Manipulating the sublattice distortion induced by Mn2+ doping for boosting the emission characteristics of self-trapped excitons in Cs4SnBr6

Abstract

The fundamental photophysics involved in the doping effect of zero-dimensional (0D) lead-free tin-halide perovskites (Cs₄SnX₆, X = Br and I), especially the dynamics of self-trapped excitons (STEs), is crucial for their practical applications. Here, we proposed the use of Mn²⁺ doping to realize efficient emission from the STEs in Cs₄SnBr₆. The Mn²⁺-doped Cs₄SnBr₆ exhibits an enhanced photoluminescence (PL) quantum yield of up to ∼75.8%, a broadened emission spectrum, and improved thermal stability. The experimental observations combined with first-principles calculations reveal that the significant PL enhancement originates from the enhanced electron–phonon coupling and the increased binding energies of STEs, as a consequence of the large distortion of [SnBr₆]⁴⁻ octahedra induced by Mn²⁺ doping.
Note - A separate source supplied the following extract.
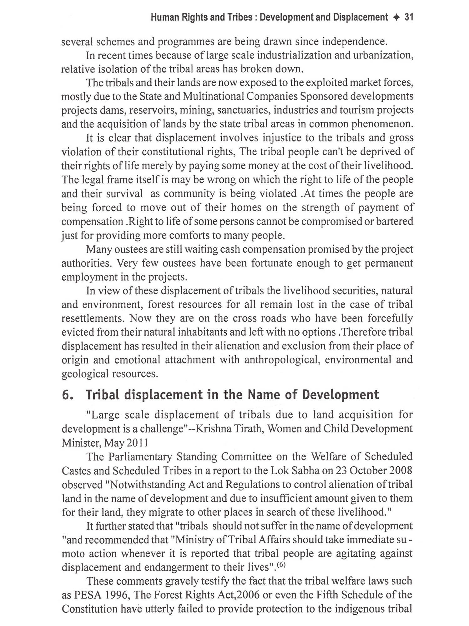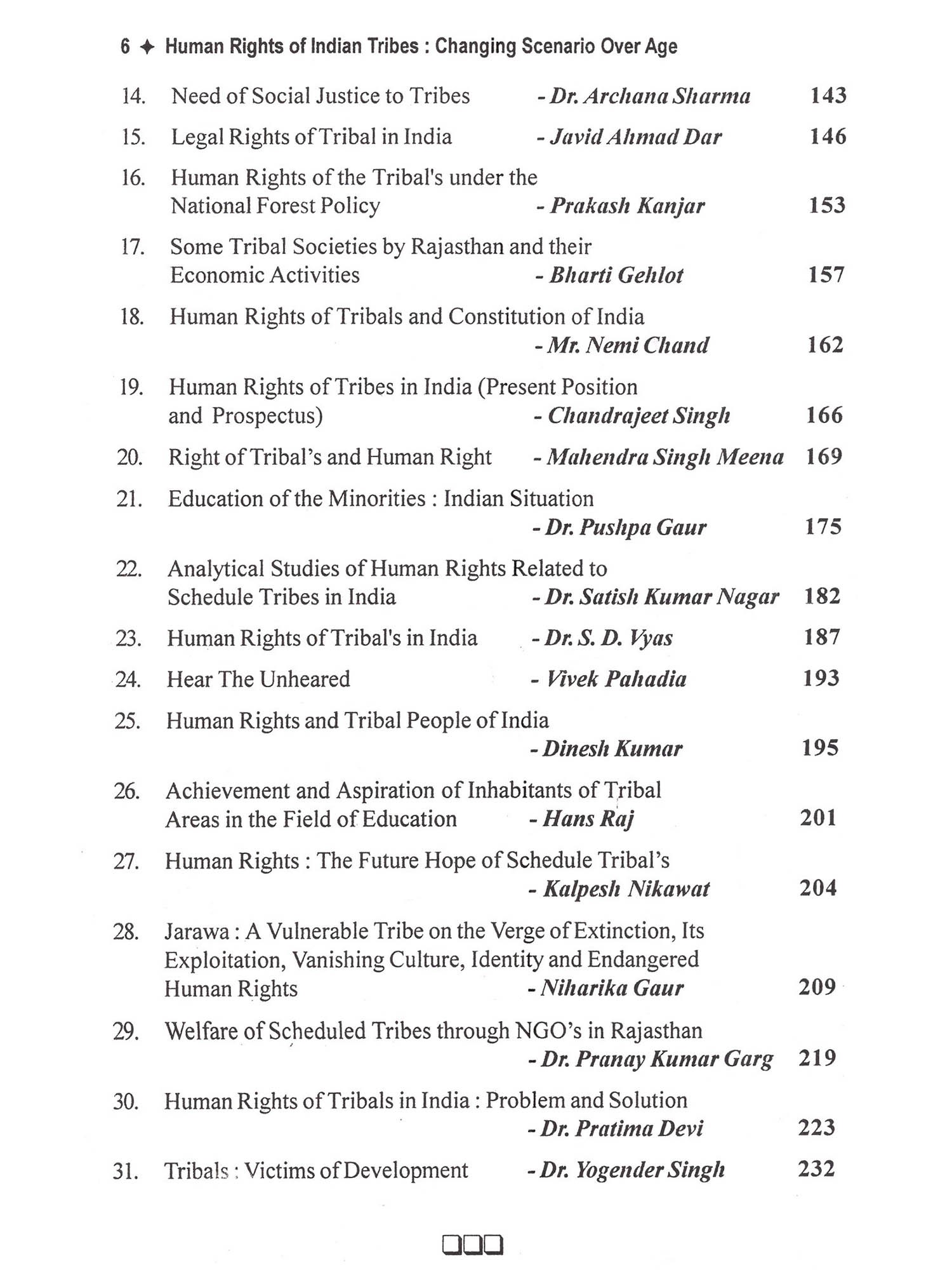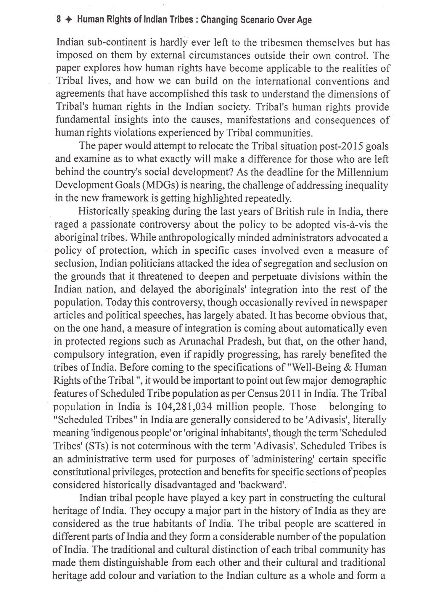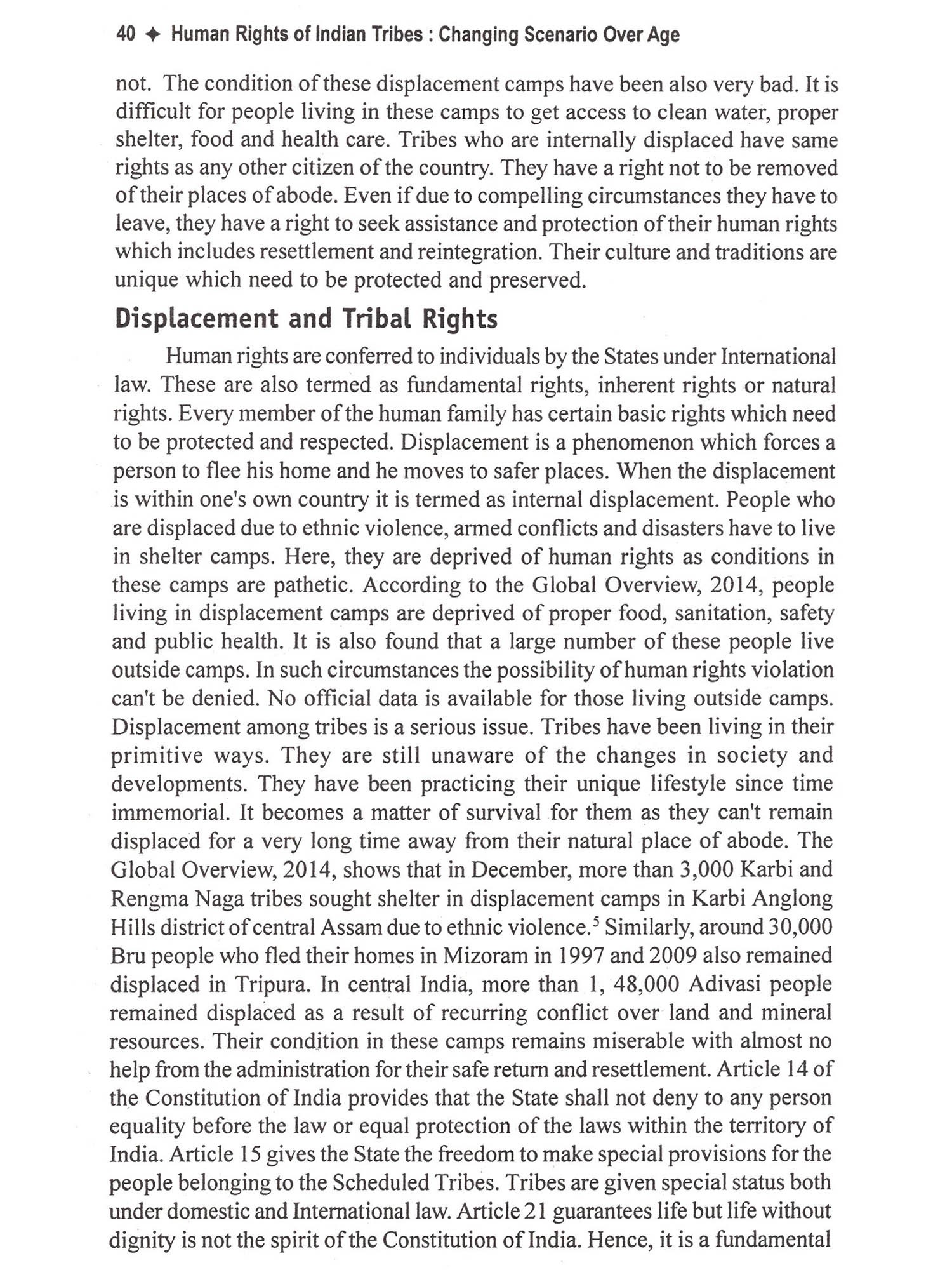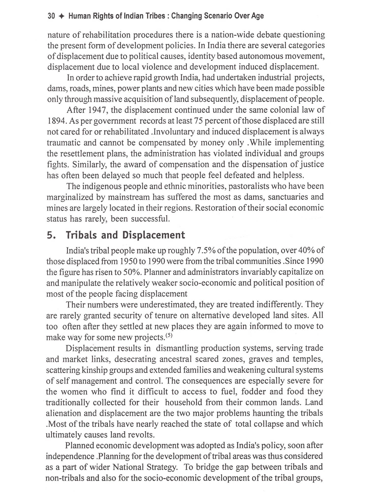 This book deals with important spects of Human rights of tribes in india. This is a compilation of articles written by eminent scholars with emphasis on Human rights of tribes. At present the violation of human right against Schedule Tribes has increased specially in the sector of land conver-sion or displacement. Health, huntress and exploitation are main problems of tribes. According to Human Rights Watch report Schedule Tribes face maximum exploitation in the society. It is true that the laws and policy made by Indian government conserve their rights but these laws and policies are not implemented properly. This book reflects problems of global human rights of tribes and their solutions. The book reflects the opinion of the contributors on tribals rights and their conservation in India. It also suggests and solutions of tribal cultural and social conservation. The book also reflect the views of authours regarding tribes human rights in India as well as remedies suggested by writers. At Present in the global pheno-mena, where all the caste has pro-gressed except Tribal's, as we all know that tribal's are less educated. It is nece-ssary to ensure that the dignity of Tribal's should be kept and their human rights should be preserved and their cultural and social identity should be respected.

In addition, it was verified that the color tuning of Mn²⁺-doped Cs₄SnBr₆ is achieved by the competitive transfers of free excitons to STE states and Mn²⁺ sites based on time-resolved and temperature-dependent PL measurements. The Mn²⁺-doped Cs₄SnBr₆ assembled into commercial UV-LED chips exhibits strong white light emission with a color temperature of 6346 K. Our findings not only provide deep insight into the dynamics of STEs in Mn²⁺-doped Cs₄SnBr₆ but also open new horizons for manipulating and optimizing the emission of STEs in 0D perovskites, thereby laying a foundation for developing white LEDs based on 0D perovskites.